- [What to work on] Please make an exact transcription of the records, keeping the pictures out of it.

========

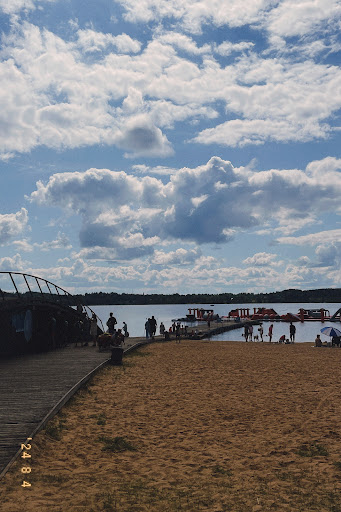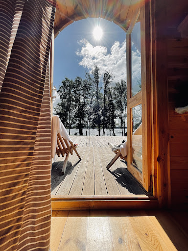 You can drive onto the small island with your car if you stay there. There's a sign that says it's allowed with a permit and you will get the permit once you are checked in. We came on a Tuesday evening in the end of July and there were plenty of free cabins. The cabin is small but still fine for a short stay. The window has a bug net so it's possible to leave it open for the night to get cool air inside. The toilet was very nice, no bad smell. Lots of activities for the kids outside. The view is stunning from the right hand side cabins overlooking the lake and the Zarasai town across the lake. It's also possible to stay with a tent. The prices in summer 2025 were: tent 6€, adult 4€, child 2€, pets free. The only annoying thing for us was that the trampoline on the water was supposed to open at 11 but opened an hour later and we had to leave by then so the kids were sad. All in all it was wonderful for us to stay here for 1...
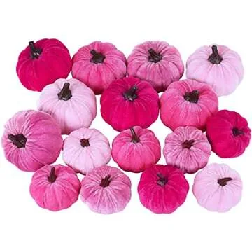 Show more Introducing the exquisite Set of 16 Faux Assorted Velvet Pumpkins, a delightful addition to your fall decor that effortlessly combines style with functionality. This elegant collection features an array of vibrant colors – pink, light pink, hot pink, and magenta. Each pumpkin, crafted from soft velvet fabric and filled with a pumpkin-shaped styrofoam ball, is designed to mimic the lifelike appearance of traditional pumpkins, making them a charming and sophisticated choice for any autumn display. With two varying sizes (3.9" wide & 3.2" tall and 3" wide & 2.6" tall), these plush pumpkins are perfect for decorating tables, wreaths, or any space in your home. Elevate your seasonal aesthetic with this stunning set while adding a pop of color to your decor.
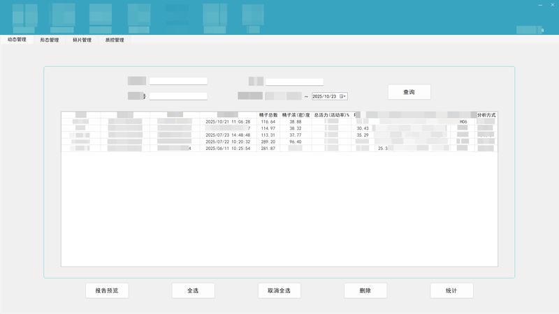项目包含动态分析、形态分析、碎片分析、质控分析、数据管理、系统设置等功能,分析功能主要对图像进行分析处理实现目标跟踪型态分析,数据管理对分析数据及基本信息管理。
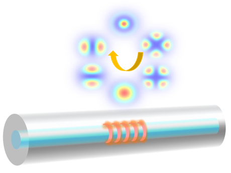 在高功率光纤激光器领域,相比于光纤放大器采用单程放大结构,采用单谐振腔结构的全光纤激光振荡器具备抗回光能力强、控制逻辑简单、系统结构紧凑等优势。这些特点使全光纤激光振荡器在工业加工领域广泛应用。然而,采用单谐振腔结构也带来了新的挑战。与放大器的单程放大结构不同,振荡器谐振腔内激光多程振荡放大的特性导致了更强烈的模式竞争与模式耦合效应,使得振荡器通常表现出比放大器更低的横向模式不稳定效应(TMI)阈值特性,成为其功率提升与应用的主要瓶颈。TMI会引起纤芯基模向高阶模耦合,这不仅会造成激光功率滞胀,而且还会造成激光光束质量的急剧下降,严重影响激光器的稳定运行与应用。已报道的光纤振荡器理论研究大多仅分析谐振腔内基模和第一阶高阶模式的耦合,然而在实际系统及应用中,基模和多个高阶模式的竞争与耦合普遍存在(如图1所示),使得模式耦合特性更为复杂。
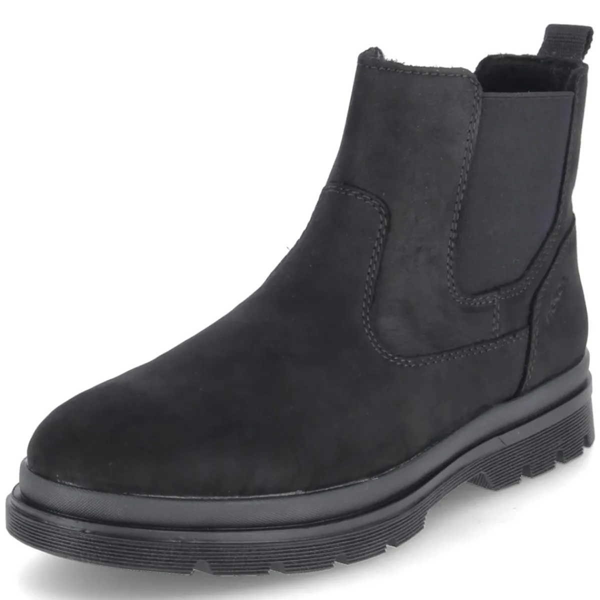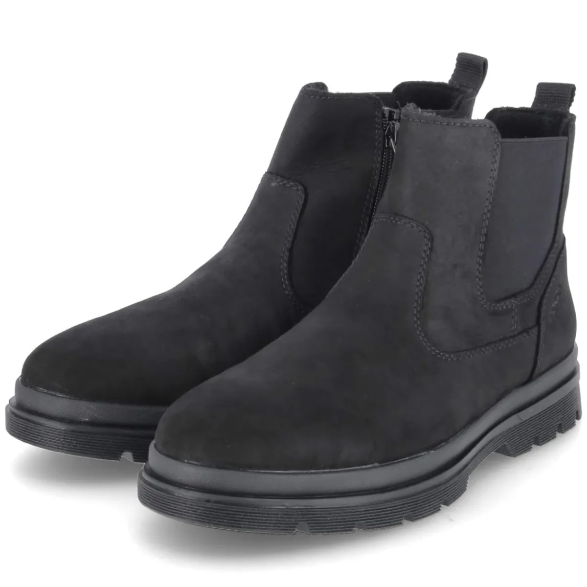 Der klassische Herren-Chelsea von Rieker zeigt sich in tiefschwarzem Rauleder und verbindet langlebiges Echtleder mit modernem Komfort. Ohne Verschluss, mit beidseitigem Elastikeinsatz und praktischer Anziehlasche gelingt das Hineinschlüpfen mühelos. Eine runde Spitze, die Lederdecksohle sowie ein gepolstertes, herausnehmbares Fußbett sorgen für angenehm gedämpfte Schritte, der verstärkte Fersenbereich und die flexible, rutschfeste Laufsohle geben Halt im Alltag. Das leichte Futter wärmt an kühlen Tagen, während die Passform normal ausfällt und erwachsene Träger zuverlässig begleitet. Souverän zu Business wie Freizeit, reduziert im Design und vielseitig kombinierbar. Modetipp: Mit dunkler Slim-Fit-Jeans, Rollkragenpullover und kamelfarbenem Wollmantel entsteht ein zeitloser City-Look.
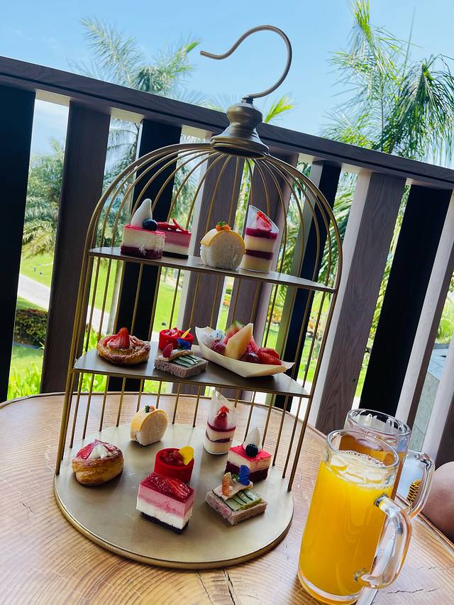 排队等候的几分钟时间会有小姐姐主动上来跟你介绍酒店概况,一楼的儿童俱乐部餐厅,户外的泳池,15楼270°的海景无边泳池和餐厅等等……下午茶也在15楼。

========

- [Solved problem]
 You can drive onto the small island with your car if you stay there. There's a sign that says it's allowed with a permit and you will get the permit once you are checked in. We came on a Tuesday evening in the end of July and there were plenty of free cabins. The cabin is small but still fine for a short stay. The window has a bug net so it's possible to leave it open for the night to get cool air inside. The toilet was very nice, no bad smell. Lots of activities for the kids outside. The view is stunning from the right hand side cabins overlooking the lake and the Zarasai town across the lake. It's also possible to stay with a tent. The prices in summer 2025 were: tent 6€, adult 4€, child 2€, pets free. The only annoying thing for us was that the trampoline on the water was supposed to open at 11 but opened an hour later and we had to leave by then so the kids were sad. All in all it was wonderful for us to stay here for 1...
 Show more Introducing the exquisite Set of 16 Faux Assorted Velvet Pumpkins, a delightful addition to your fall decor that effortlessly combines style with functionality. This elegant collection features an array of vibrant colors – pink, light pink, hot pink, and magenta. Each pumpkin, crafted from soft velvet fabric and filled with a pumpkin-shaped styrofoam ball, is designed to mimic the lifelike appearance of traditional pumpkins, making them a charming and sophisticated choice for any autumn display. With two varying sizes (3.9" wide & 3.2" tall and 3" wide & 2.6" tall), these plush pumpkins are perfect for decorating tables, wreaths, or any space in your home. Elevate your seasonal aesthetic with this stunning set while adding a pop of color to your decor.
项目包含动态分析、形态分析、碎片分析、质控分析、数据管理、系统设置等功能,分析功能主要对图像进行分析处理实现目标跟踪型态分析,数据管理对分析数据及基本信息管理。
 在高功率光纤激光器领域,相比于光纤放大器采用单程放大结构,采用单谐振腔结构的全光纤激光振荡器具备抗回光能力强、控制逻辑简单、系统结构紧凑等优势。这些特点使全光纤激光振荡器在工业加工领域广泛应用。然而,采用单谐振腔结构也带来了新的挑战。与放大器的单程放大结构不同,振荡器谐振腔内激光多程振荡放大的特性导致了更强烈的模式竞争与模式耦合效应,使得振荡器通常表现出比放大器更低的横向模式不稳定效应(TMI)阈值特性,成为其功率提升与应用的主要瓶颈。TMI会引起纤芯基模向高阶模耦合,这不仅会造成激光功率滞胀,而且还会造成激光光束质量的急剧下降,严重影响激光器的稳定运行与应用。已报道的光纤振荡器理论研究大多仅分析谐振腔内基模和第一阶高阶模式的耦合,然而在实际系统及应用中,基模和多个高阶模式的竞争与耦合普遍存在(如图1所示),使得模式耦合特性更为复杂。
 Der klassische Herren-Chelsea von Rieker zeigt sich in tiefschwarzem Rauleder und verbindet langlebiges Echtleder mit modernem Komfort. Ohne Verschluss, mit beidseitigem Elastikeinsatz und praktischer Anziehlasche gelingt das Hineinschlüpfen mühelos. Eine runde Spitze, die Lederdecksohle sowie ein gepolstertes, herausnehmbares Fußbett sorgen für angenehm gedämpfte Schritte, der verstärkte Fersenbereich und die flexible, rutschfeste Laufsohle geben Halt im Alltag. Das leichte Futter wärmt an kühlen Tagen, während die Passform normal ausfällt und erwachsene Träger zuverlässig begleitet. Souverän zu Business wie Freizeit, reduziert im Design und vielseitig kombinierbar. Modetipp: Mit dunkler Slim-Fit-Jeans, Rollkragenpullover und kamelfarbenem Wollmantel entsteht ein zeitloser City-Look.
 排队等候的几分钟时间会有小姐姐主动上来跟你介绍酒店概况,一楼的儿童俱乐部餐厅,户外的泳池,15楼270°的海景无边泳池和餐厅等等……下午茶也在15楼。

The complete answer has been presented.